I like certain paperbacks - those old Penguins, the Picadors of my
youth - but hardbacks remain the most sensually attractive, good
cloth covers - powder blue, or cream, preferably - and thick, matt
paper and a classic typeface in dark ink. Illustrations? Yes,
please, but not too many. When I eventually become a nasty-minded,
dribbling old man I'm sure I will be found creeping round
second-hand bookshops, sniffing the produce, snuffling with
pleasure.
If, that is, the bookshops are still there, and have not been
put out of business by ebooks - digital versions that can be read
on computers or hand-held devices. But I'm a sceptic. A very long
time ago, 10 years or more, I vividly remember being at Davos for
the rich-or-clever people's annual frolic in the snow, and being
assured that epaper - "electronic paper" - was about to transform
the way we read. There was a minor frenzy of excitement about this
stuff, being developed by MIT in the States and the big electronics
firms. Here was an electronic display that could be rolled up and
stuck in your pocket. Soon, I was told, we would all be using it to
download our newspapers and books at railway stations, or wherever.
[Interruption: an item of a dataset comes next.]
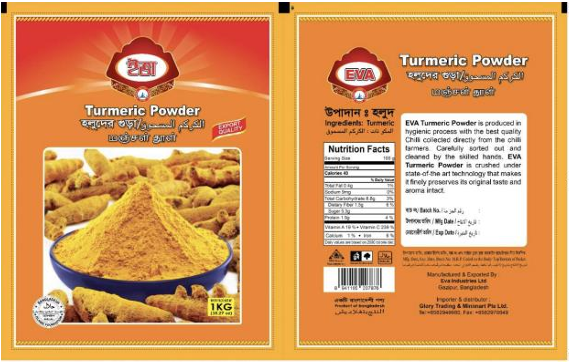 Respondent's chili and turmeric powder packaging: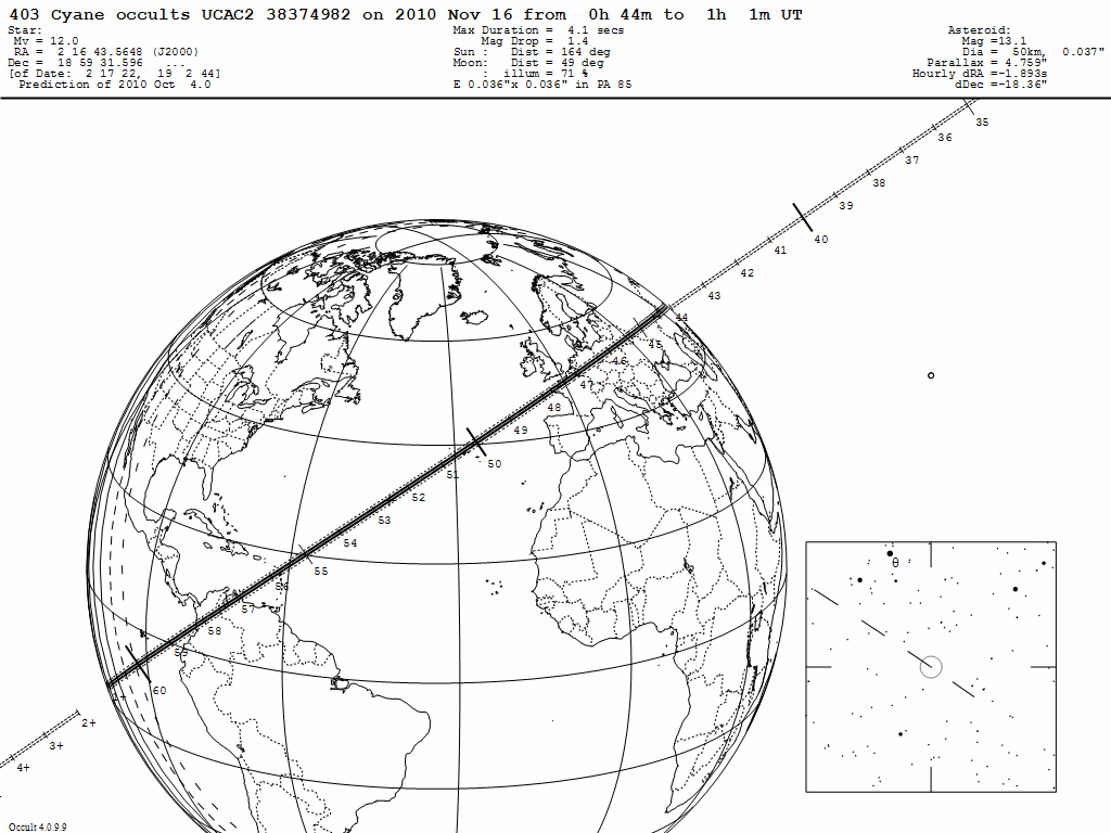 16 - 00:52 UT. El asteroide (403) Cyane oculta a UCAC2 38374982 (12m.0).

There were articles back then about the death of the book, and the
death of paper. They have been coming ever since. And yet, for most
of us, the ebook has never arrived.
Why? After all, most of us are broadband-connected, getting more
and more information from websites, accustomed enough to reading
screens of one kind or another. Many of us download more music than
we buy from shops in CD form, and the same will soon be true of
films. We are starting to use online versions of newspapers; and I
have the BBC's news online flickering in the corner much of the
time. It has probably become my number-one source of news, ahead of
the telly or radio bulletins. So why the tortoise progress of the
ebook?
It's partly that traditional books are such good technology,
even compared with CDs or newspapers. They are a little larger than
the hand, extremely portable, nice to hold and look at and
remarkably cheap. Yes, there is an environmental issue but most are
made of cheap, sustainable woodpulp. Simple technology that works
is unlikely to go out of fashion. Those futurologists of the 1960s
who predicted a world of silver jumpsuits and food-pills forgot
that socks, buttons and saucepans were simple technology that
worked, and the same is true of books.
Beyond that, most ebook readers simply aren't good enough,
whether they're dedicated devices or the multi-purpose palmtop
computers made by the likes of Palm and Hewlett-Packard. They're
fine to use for an hour or two when you are sitting upright in even
indoor light, but they're pretty useless when you are travelling,
sitting in the garden or slumped in the bath. The ebook reader that
is as easy on the eye as a real book, and as quick to flick
through, and as portable, hasn't arrived.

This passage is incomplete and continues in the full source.